So now we’re at Geek Partnership Society here in Northeast Minneapolis, where we have all unpacked our lunch and are nibbling and/or crunching and/or typing/scribbling away. There are cozy sofas and cold northern light out of a Vermeer still-life blessing our long white coffee-table, where a variety of chips and snacks and power-strips and assorted peripherals are making their own American modern still life.

Cozy digs for writing at the Geek Partnership Society’s Event Horizon. Comfy couches are a positive aid to the muse.
I’m looking at the transition from fiction to non-fiction, the jump-start to a project in preparation for most of this year. I’m still “behind” in both relative and absolute terms, but I also know that writing (like all creative process) is non-linear.
Some projects are born in the fires of pure improvisation. Some are pre-meditated and do their silent growing-bones-in-the-dark in the form of outlines, chapter names, character interviews. Some don’t come to life until they have a title; others require concept covers before they feel real.
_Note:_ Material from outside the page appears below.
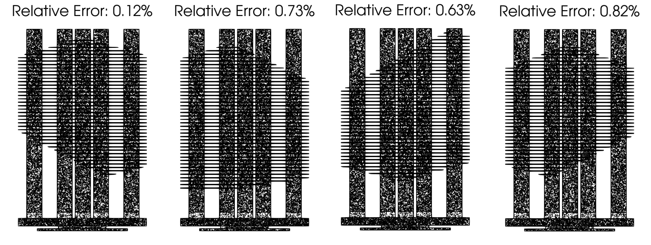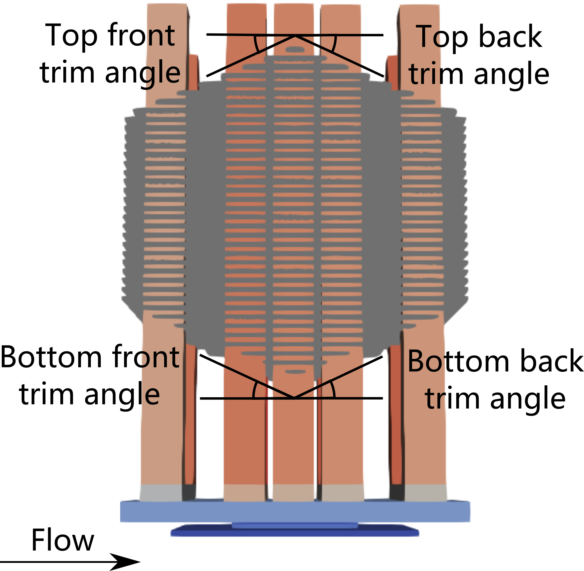 Here, to illustrate the gPC surrogate modeling accelerated via transfer learning, consider the NVIDIA’s NVSwitch heat sink introduced above. We introduce four geometry parameters related to fin cut angles, as shown in Fig. 207. We then construct a pressure drop surrogate. Similarly, one can also construct a surrogate for the peak temperature and use these two surrogates for design optimization of this heat sink.
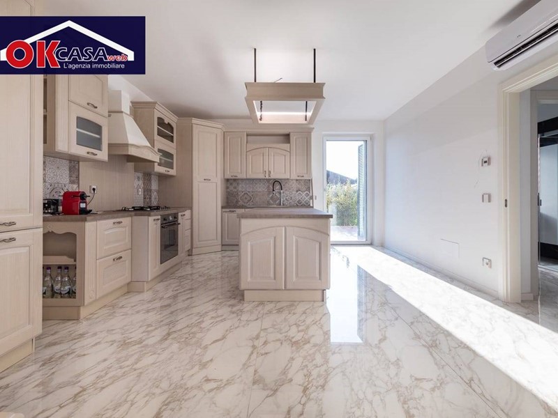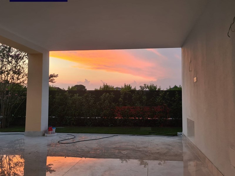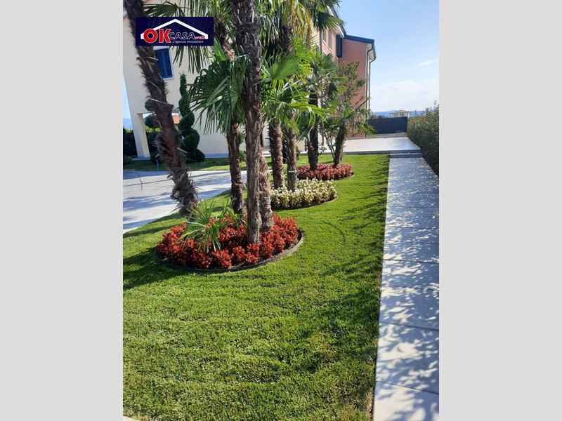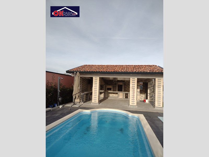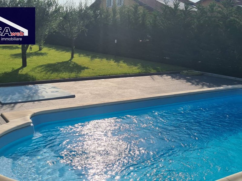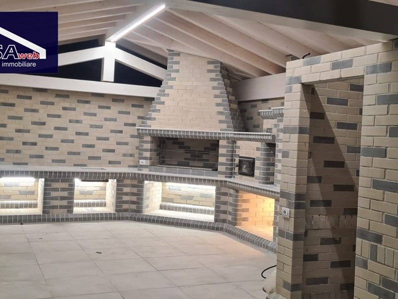 La villa si sviluppa su due livelli con al piano terra un ampio soggiorno cucina, bagno, ampio plateatico verandato, giardino 2 posti auto coperti piscina con portico con forno pizza, forno a legna e grill, al piano primo 3 camere matrimoniali di cui 1 con cabina armadio e bagno privato oltre ad un altro bagno per le altre camere.

One of the things I’ve learned as a writing veteran is trust in the shape and internal intention of a project, as well as willingness to treat first draft as “raw footage”: an initial capture of the idea or the scene, which can be cut up, re-shot, or left on the cutting-room floor. The film/video editor is a respected member of the creative team that makes movies; the revising author and/or professional editor take their place as part of the novelist’s team.
First-draft time is like no other time: it’s terrifyingly open-ended, full of wild energy and gateways to multiple universes. That’s one of the great things about the writing tour: positive peer pressure, the silence of a group all engaged in their own creative work. The sound of fingers on keyboard is an invocation to the Muse as powerful as anything ever sung in Attic Greek.

Painting of Doctor Who’s TARDIS, writing tech that unfortunately is still fictional. We bend space and time in write-ins enough as it is.
Right now I’m in the place between worlds, and the place between projects. One of the scariest things about being a full-time writer is the unstructured time. Over the last months of illness, I’ve lost the shape of time. Hospital time is like monastery time, I said of a visit to a seriously ill family member. Sick time generally has its own rhythm, where recovery is the task at hand and everything else is subsidiary. I spent this time reading, mostly space-opera and multi-book series.
Now I know that was preparatory work: as I’ve been doing structural work on my novel projects, I realize that I’m creating the skeleton, the big shape. Once it’s safely in place, I can climb inside and bring the dinosaur to life, one brilliant feather at a time.